**ASSIGNMENT:** Drop every picture. Then return, exactly, the lines from the beginning of the listing below through the one containing "Original Lino printed".

**DATA SEGMENT:**
- Opening Delimiter -
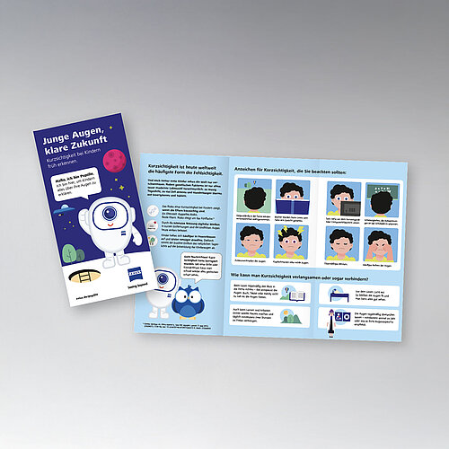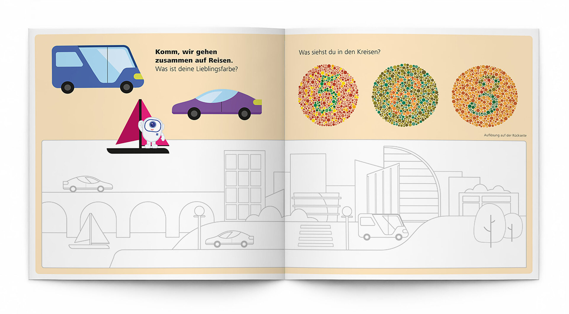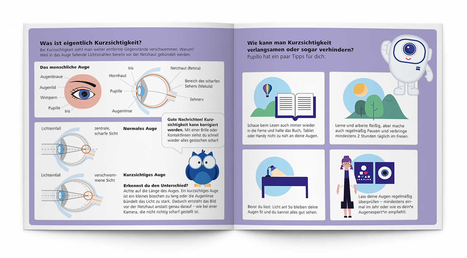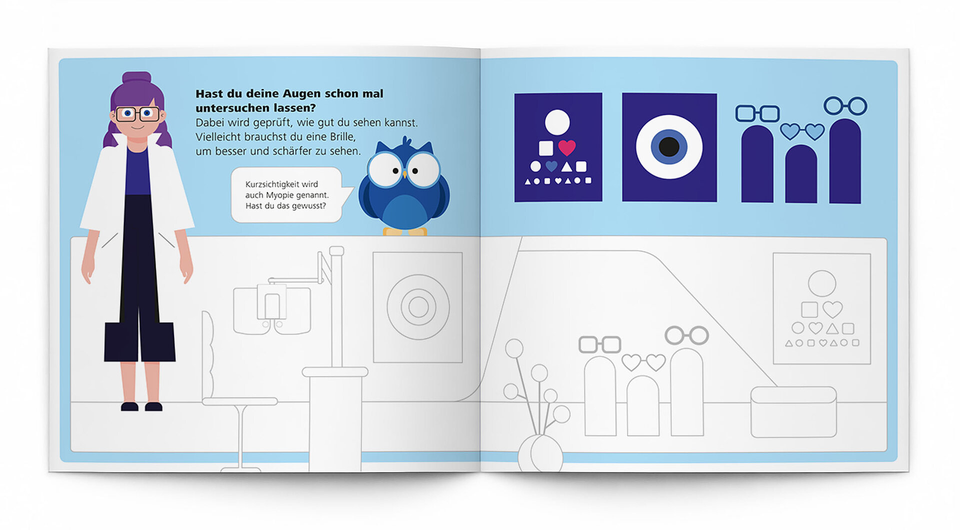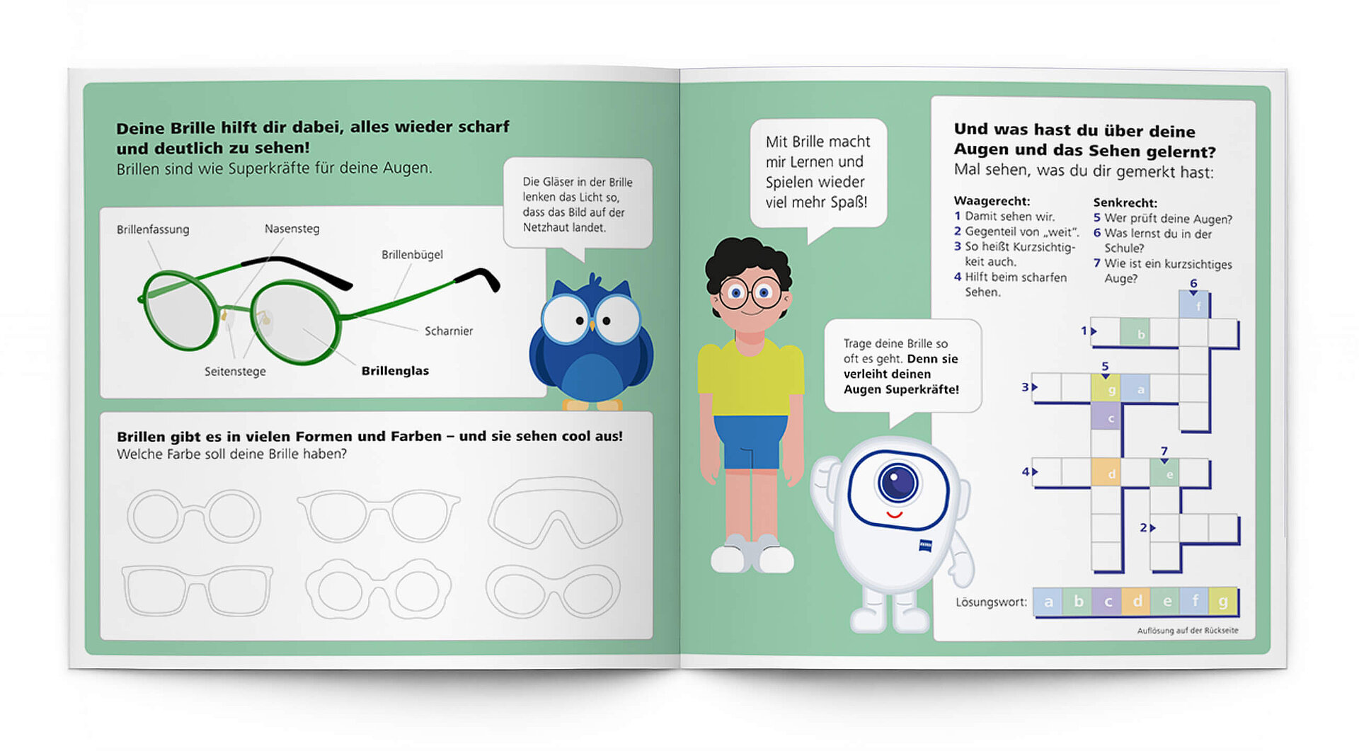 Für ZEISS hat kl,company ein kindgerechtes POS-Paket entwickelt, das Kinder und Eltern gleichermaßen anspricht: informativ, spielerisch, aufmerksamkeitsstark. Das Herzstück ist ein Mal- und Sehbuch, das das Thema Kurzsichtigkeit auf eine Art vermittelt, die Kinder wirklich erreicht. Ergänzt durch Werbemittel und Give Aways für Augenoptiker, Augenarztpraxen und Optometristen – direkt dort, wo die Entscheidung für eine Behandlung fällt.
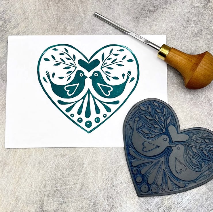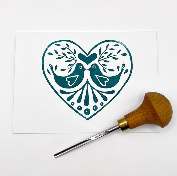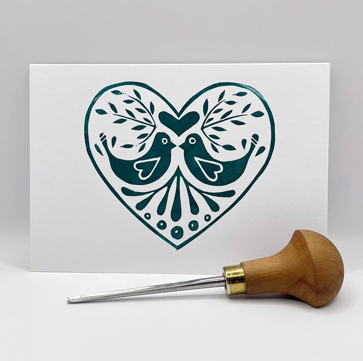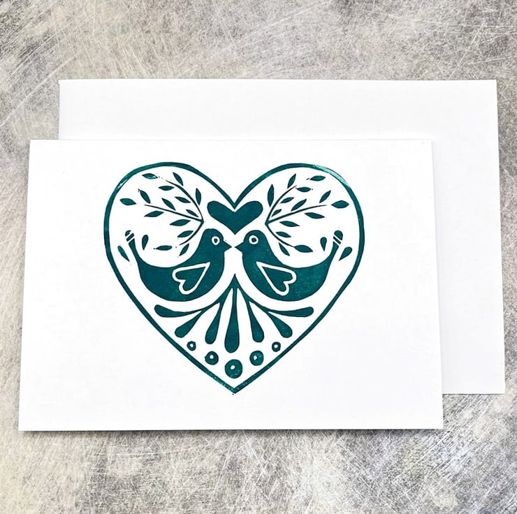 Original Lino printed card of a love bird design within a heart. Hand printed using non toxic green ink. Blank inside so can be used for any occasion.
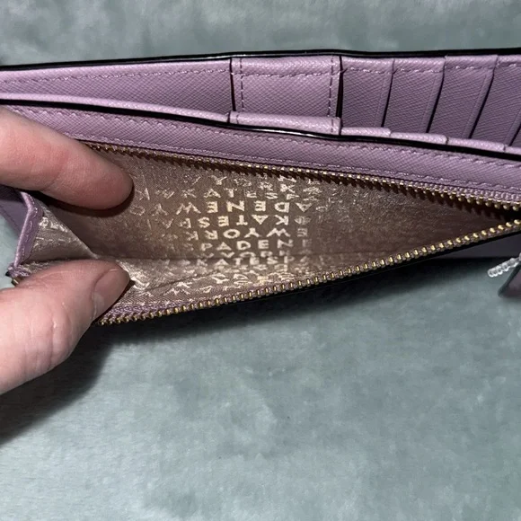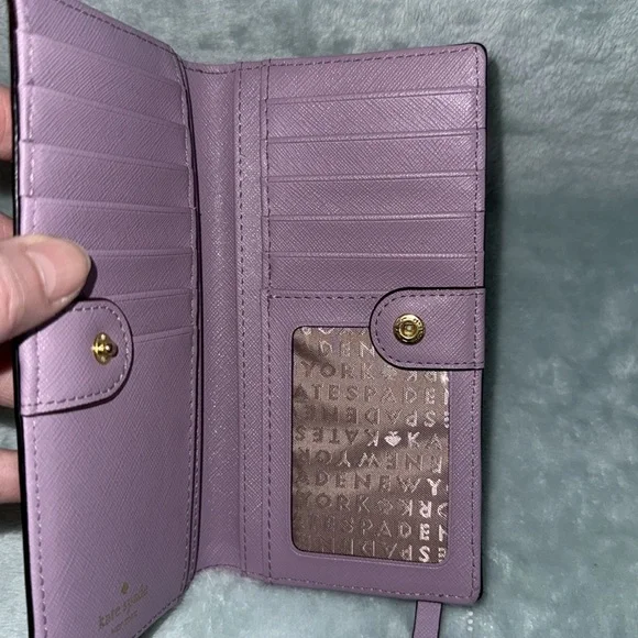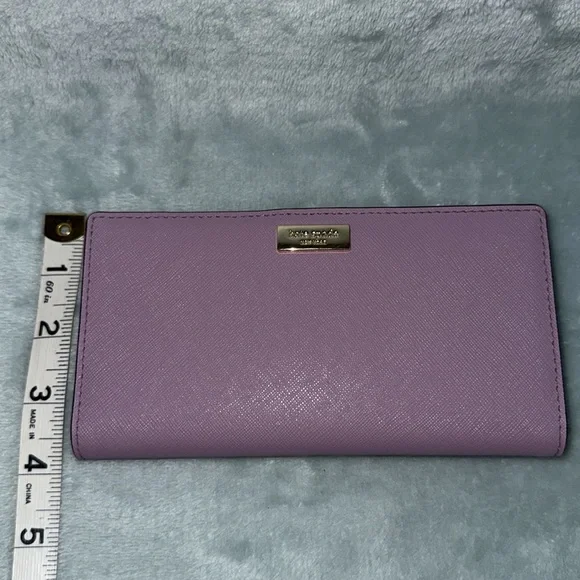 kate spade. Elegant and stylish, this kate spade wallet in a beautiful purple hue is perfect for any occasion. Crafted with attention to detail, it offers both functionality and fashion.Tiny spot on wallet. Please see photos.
- Closing Delimiter -
**OUTPUT OF THE EXERCISE:**
 Für ZEISS hat kl,company ein kindgerechtes POS-Paket entwickelt, das Kinder und Eltern gleichermaßen anspricht: informativ, spielerisch, aufmerksamkeitsstark. Das Herzstück ist ein Mal- und Sehbuch, das das Thema Kurzsichtigkeit auf eine Art vermittelt, die Kinder wirklich erreicht. Ergänzt durch Werbemittel und Give Aways für Augenoptiker, Augenarztpraxen und Optometristen – direkt dort, wo die Entscheidung für eine Behandlung fällt.
 Original Lino printed card of a love bird design within a heart. Hand printed using non toxic green ink. Blank inside so can be used for any occasion.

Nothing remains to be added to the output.